The main culprit here is that we in the West are becoming increasingly more selfish and superficial. We cling to our freedom to do as we wish, behaving as if the world would collapse if we had to do something that did not benefit us. We grow up being told by parents, teachers, and philosophers that one of the most valuable goods in our possession is our personal autonomy.
But we don’t understand that preserving our personal autonomy does not entail only doing what benefits us in the sense of bringing us immediate pleasure and gratification.

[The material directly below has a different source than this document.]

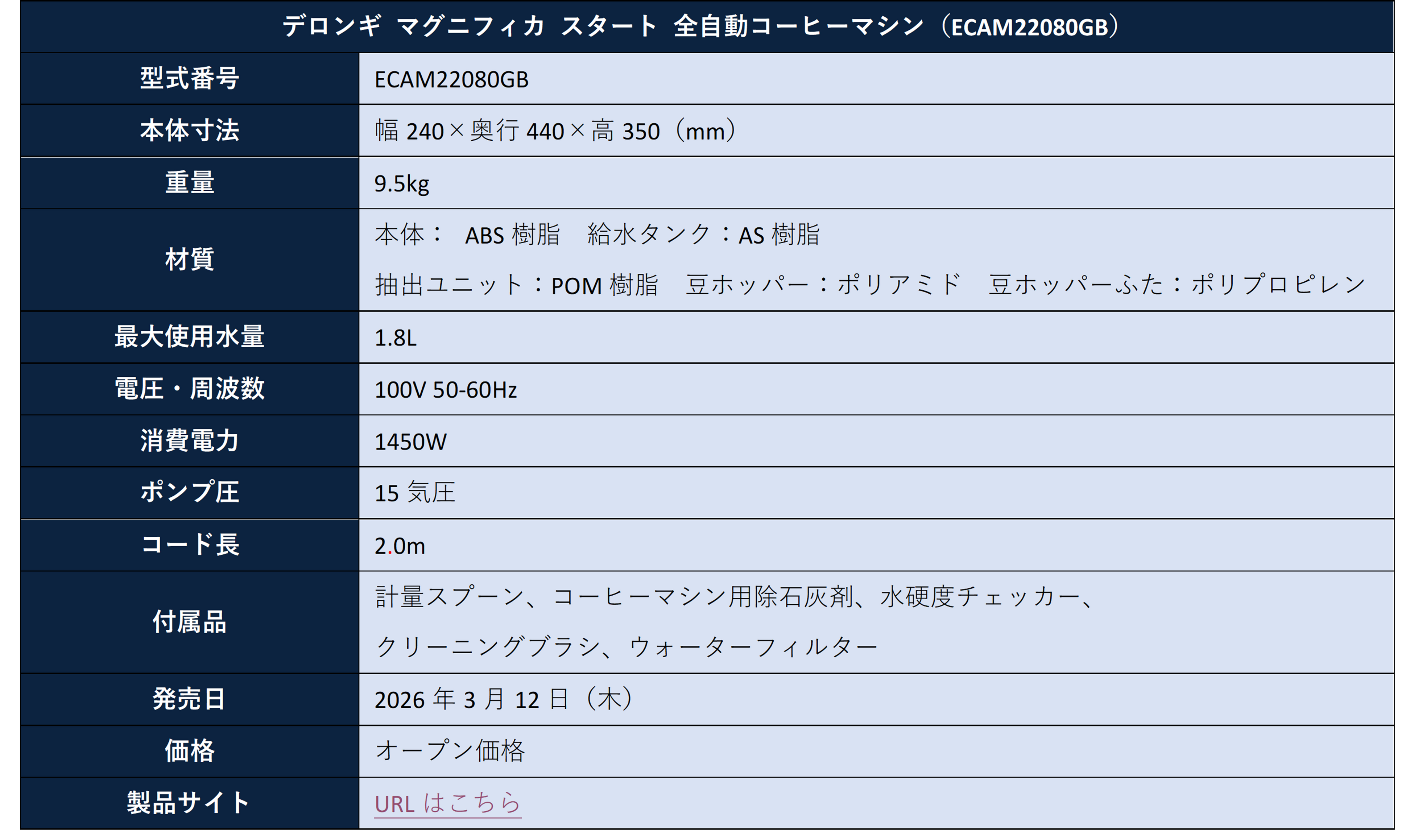 デロンギ・ジャパン株式会社(本社:東京都港区 代表取締役社長:甲斐ラース)は、人気のコーヒー、ミルクメニューをワンタッチで愉しめる全自動コーヒーマシンの新モデル『デロンギ マグニフィカ スタート 全自動コーヒーマシン(ECAM22080GB)、以下マグニフィカ スタート ミルクモデル』を、2026年3月12日(木)より発売いたします。

You are personally autonomous if (upon reflection) you are fully satisfied with what you choose to do (to the extent of never having to question your decisions). If you choose to sit by the bedside of your dying grandmother, reading her favorite book to her, and you are fully satisfied with this choice despite the gravity of the situation, then you are fully autonomous — and this is so even if you would experience greater short-term pleasure being out clubbing with your friends.
Reading to your dying grandmother may not make you smile and scream in delight, but as long as you can fully identify with your choice to engage in the activity, the activity helps reinforce your personal autonomy rather than subtracting from it, which is to say that you are the author of your own actions, you recognize yourself in your actions. You are not acting out of character or taking a moral holiday, and your actions can be attributed to you, meaning your mental states do not repudiate what you are doing.
Check out the video below for tips on how happy couples make their relationships work.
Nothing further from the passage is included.